REQUIRED WORK ▸
Using the data below, print exactly the line with "Diamond Colorful Oil", the line with "输入内容:《乐趣回旋》第三季", and every line between them, but none of the pictures.

(Data entries)
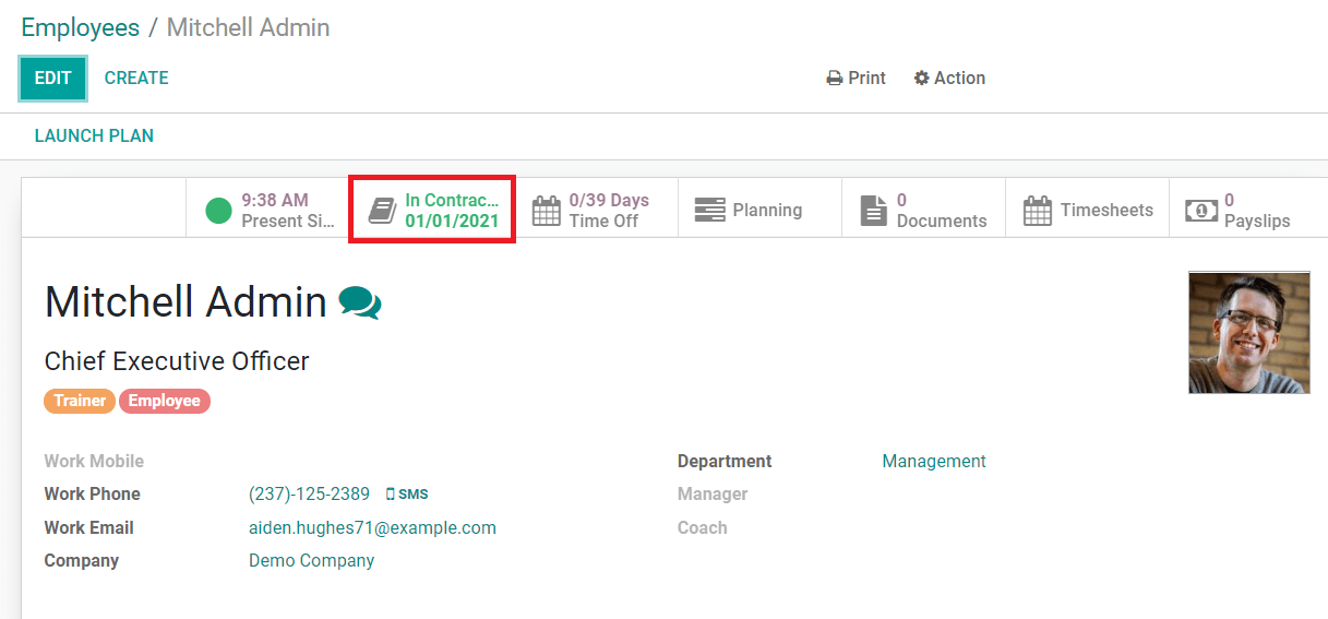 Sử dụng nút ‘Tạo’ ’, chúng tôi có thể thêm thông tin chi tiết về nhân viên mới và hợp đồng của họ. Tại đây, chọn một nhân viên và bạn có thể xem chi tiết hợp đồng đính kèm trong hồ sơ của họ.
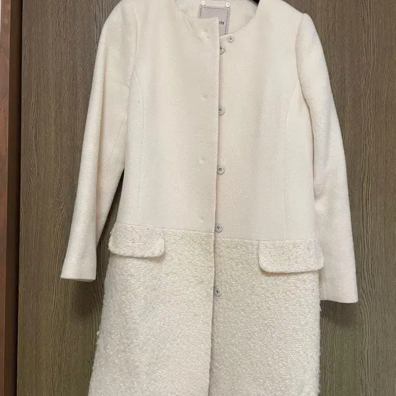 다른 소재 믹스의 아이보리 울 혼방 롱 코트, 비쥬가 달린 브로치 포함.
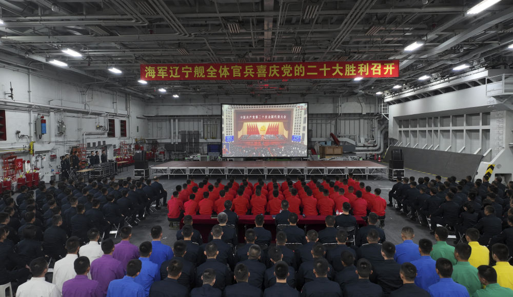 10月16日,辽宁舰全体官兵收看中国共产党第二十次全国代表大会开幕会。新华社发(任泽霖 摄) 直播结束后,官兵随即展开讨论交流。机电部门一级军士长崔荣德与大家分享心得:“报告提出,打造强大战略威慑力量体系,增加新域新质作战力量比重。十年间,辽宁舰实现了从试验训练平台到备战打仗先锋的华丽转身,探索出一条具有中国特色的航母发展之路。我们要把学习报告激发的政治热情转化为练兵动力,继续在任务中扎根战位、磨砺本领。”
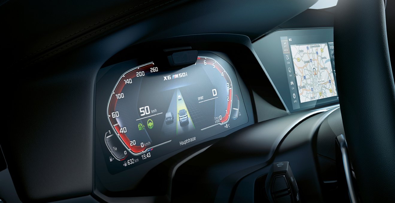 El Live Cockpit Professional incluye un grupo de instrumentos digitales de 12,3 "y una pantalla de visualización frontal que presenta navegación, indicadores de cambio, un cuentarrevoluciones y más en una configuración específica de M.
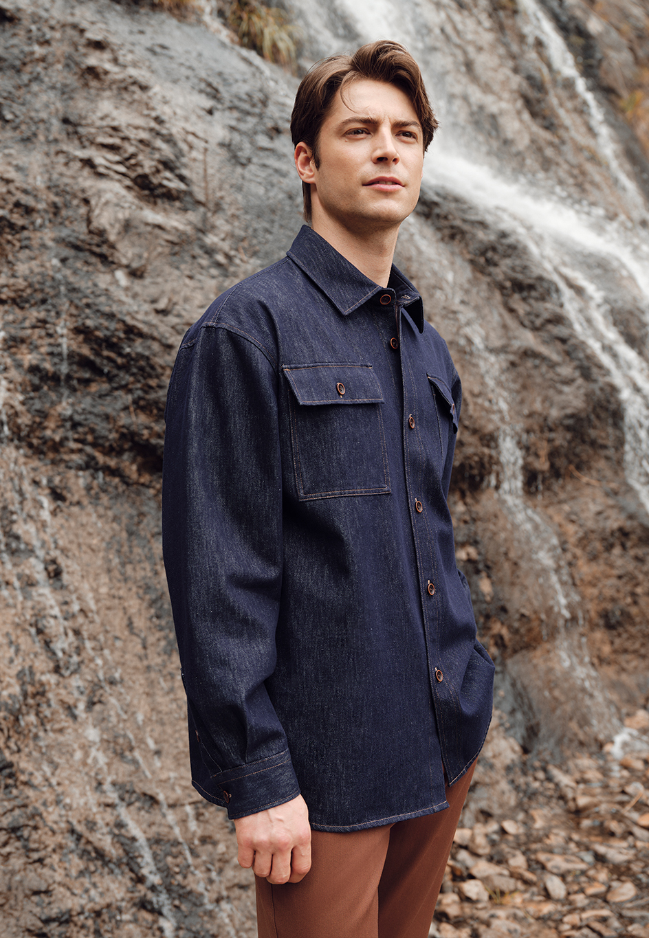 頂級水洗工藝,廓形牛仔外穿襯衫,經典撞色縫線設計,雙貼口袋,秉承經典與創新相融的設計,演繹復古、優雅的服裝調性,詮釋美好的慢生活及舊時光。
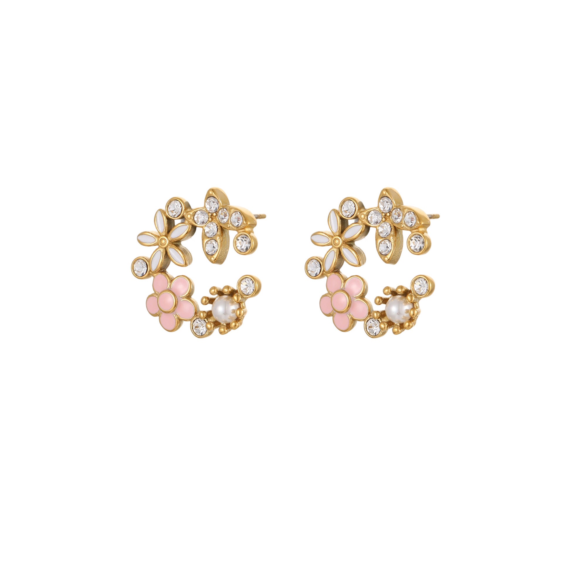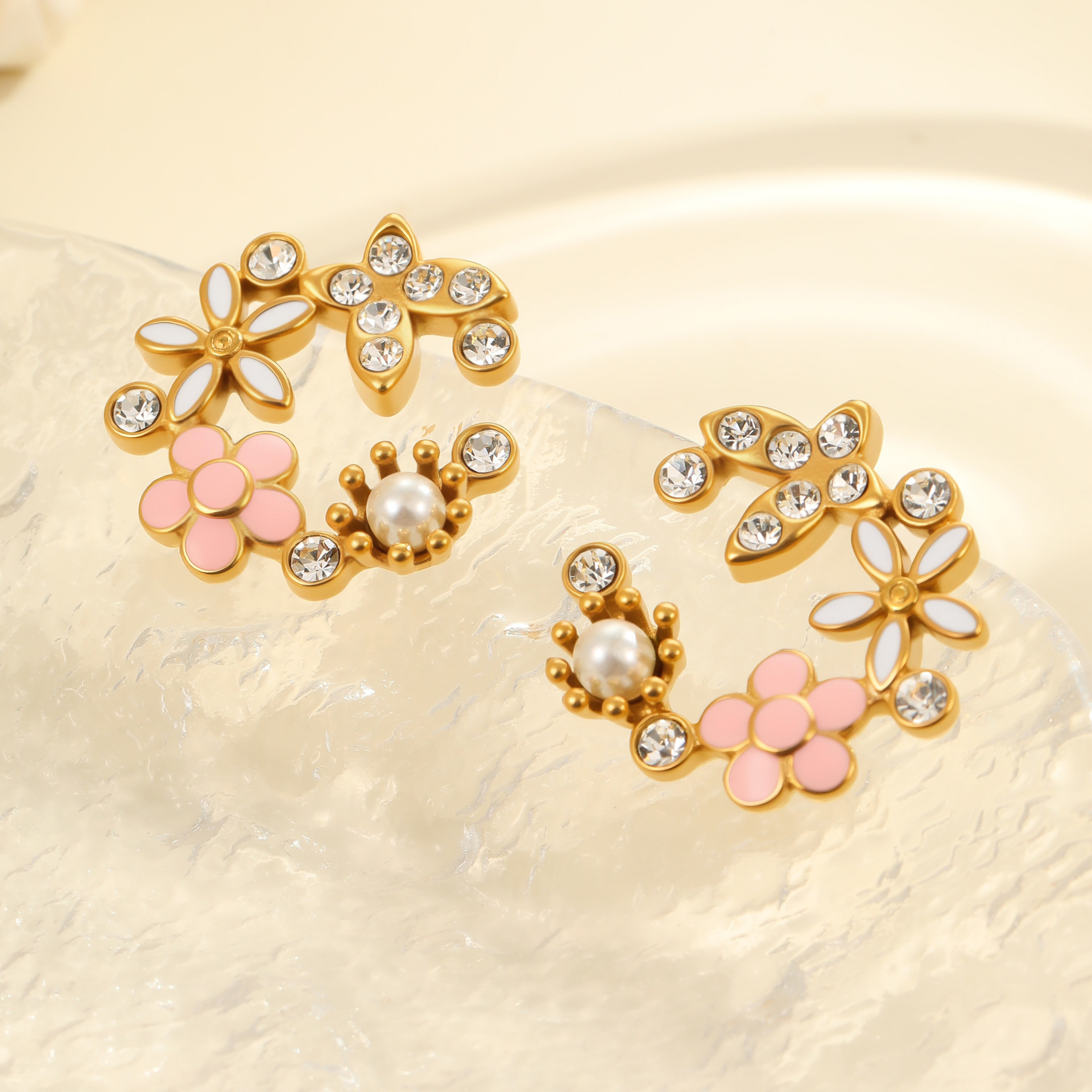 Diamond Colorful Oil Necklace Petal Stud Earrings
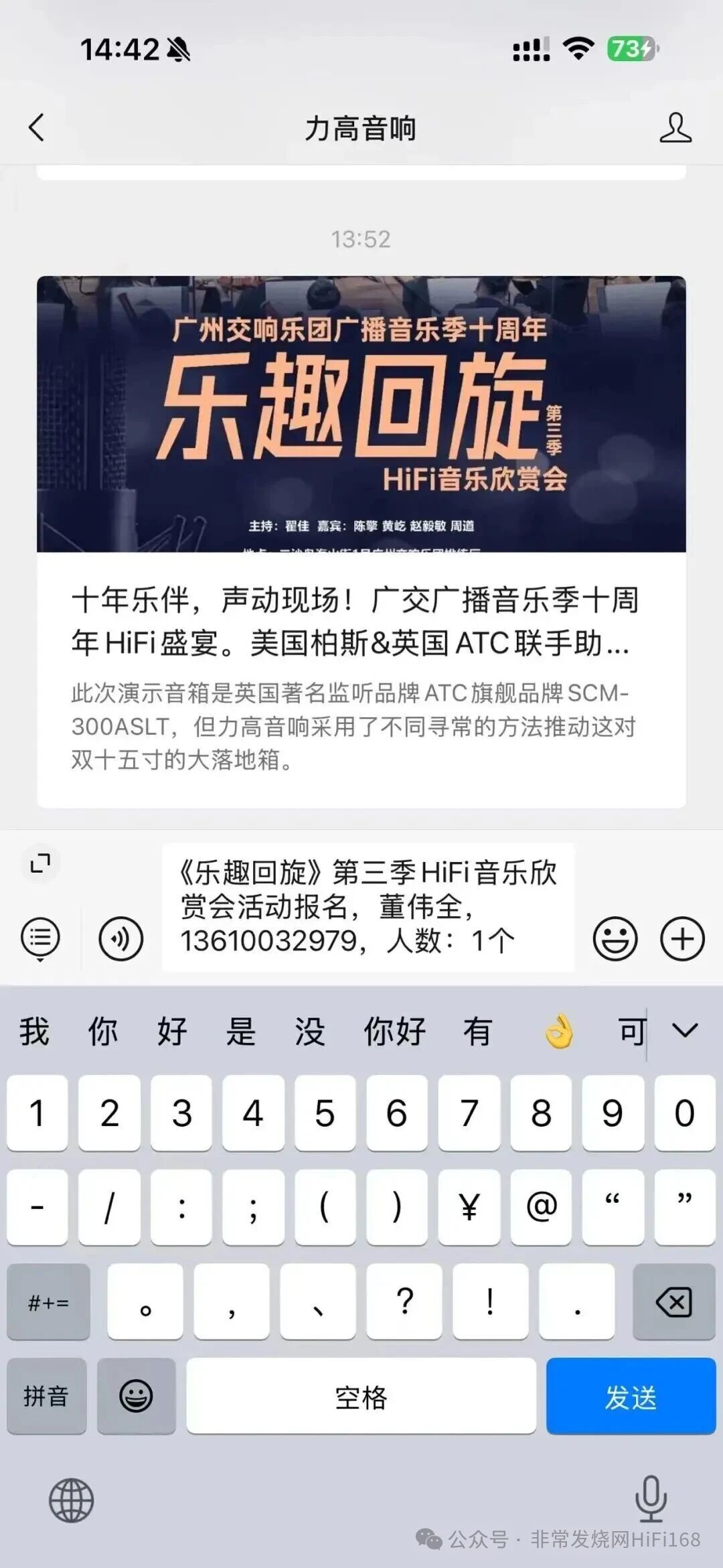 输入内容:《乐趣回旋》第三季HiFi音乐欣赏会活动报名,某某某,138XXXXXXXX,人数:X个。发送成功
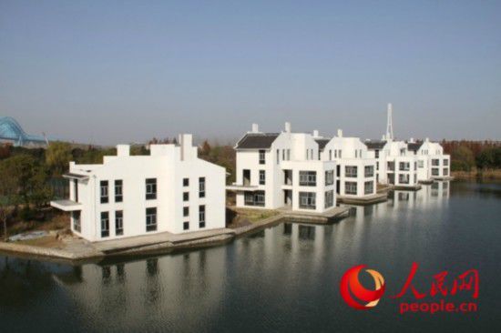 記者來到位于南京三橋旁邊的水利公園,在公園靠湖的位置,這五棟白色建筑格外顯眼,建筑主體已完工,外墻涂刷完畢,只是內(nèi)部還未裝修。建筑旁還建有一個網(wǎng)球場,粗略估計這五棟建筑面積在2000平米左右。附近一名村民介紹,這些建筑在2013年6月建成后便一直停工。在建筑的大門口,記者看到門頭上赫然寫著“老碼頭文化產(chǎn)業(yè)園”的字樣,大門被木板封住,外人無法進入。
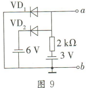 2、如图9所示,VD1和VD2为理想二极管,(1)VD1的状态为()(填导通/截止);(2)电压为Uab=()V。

FINISHED TASK ▸
 Diamond Colorful Oil Necklace Petal Stud Earrings
 输入内容:《乐趣回旋》第三季HiFi音乐欣赏会活动报名,某某某,138XXXXXXXX,人数:X个。发送成功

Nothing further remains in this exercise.